Been saying this for a decade. It is a case of technology for technology's sake. Just because you can doesn't mean you should. Why do you think the German car makers quality ratings have plummeted over the last 10 or so years. Cars are chock full of useless techno crap and don't get me started on those disgusting digital dash boards and touch control crap. This techno crap is also why the prices have skyrocketed. No one asked for this crap either.
 
Dodge and Alfa Romeo are most reliable? Damn man how times have changed.

I will say, I went from one end of the technology spectrum to the other and I'm pleased so far. I had a 2000 Buick Regal, 3.8L engine -- they updated the engine sometime in the 1980s and in the 1990s, but it's like it came out in 1962, pushrod engine and (other than having sequential fuel injection) nothing at all fancy on it. The one sign it was probably a pretty old engine design, the oil recommendation in the manual basically said "please put oil in it", it recommended 0W20 through 50 weight, and recommended detergent oil but said you could go ahead and run non-detergent oil if you wanted!

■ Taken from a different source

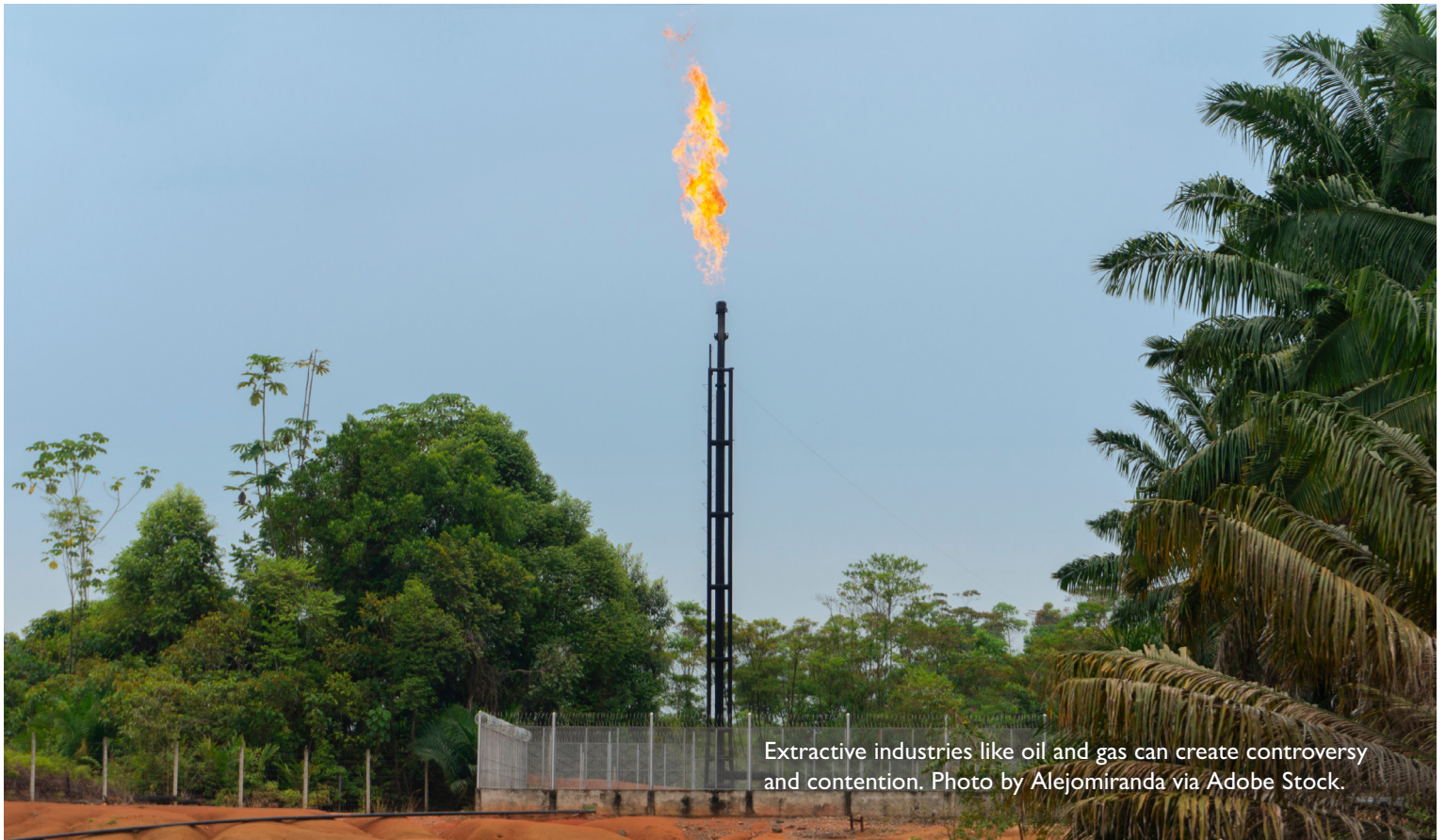
Extractive industries like oil and gas can create controversy and contention.

These fundamental challenges are some of the main sources of the unresolved dilemmas that animate the actions of environmental defenders. They present diverse opportunities for substantive engagement with environmental defenders—especially women, Indigenous leaders, and marginalized groups—to help bring attention and facilitate constructive responses to these recurrent areas of concern.

My 2013 Chevy Cruze, the 1.4L has turbocharging, electronic throttle control, and variable valve timing. The level of technology was quite concerning, but they really have it all locked down now. There's plenty of engine management, so if you try to do something stupid with the "go" pedal like start it in 0 degree weather and immediately floor it, it simply won't give you much boost until it's had 30 seconds or a minute to make sure the oil is circulating, and they've worked out any hardware issues with this stuff like 20 years ago so it's highly reliable now. I get about the same acceleration I did with the 3.8L, with about 1.5x the gas mileage... the main trick it uses to get high gas mileage is to take advantage of the almost unnatural levels of low-end torque the turbo gives it (it makes 90% of it's peak torque from 1400-6000RPM), so it cruises around in town at like 1200-1500RPM, with plenty of power to go up hills or anything else without having to downshift. I DID make sure to get one WITHOUT the entertainment system since apparently GM's touch screen system then was godawful.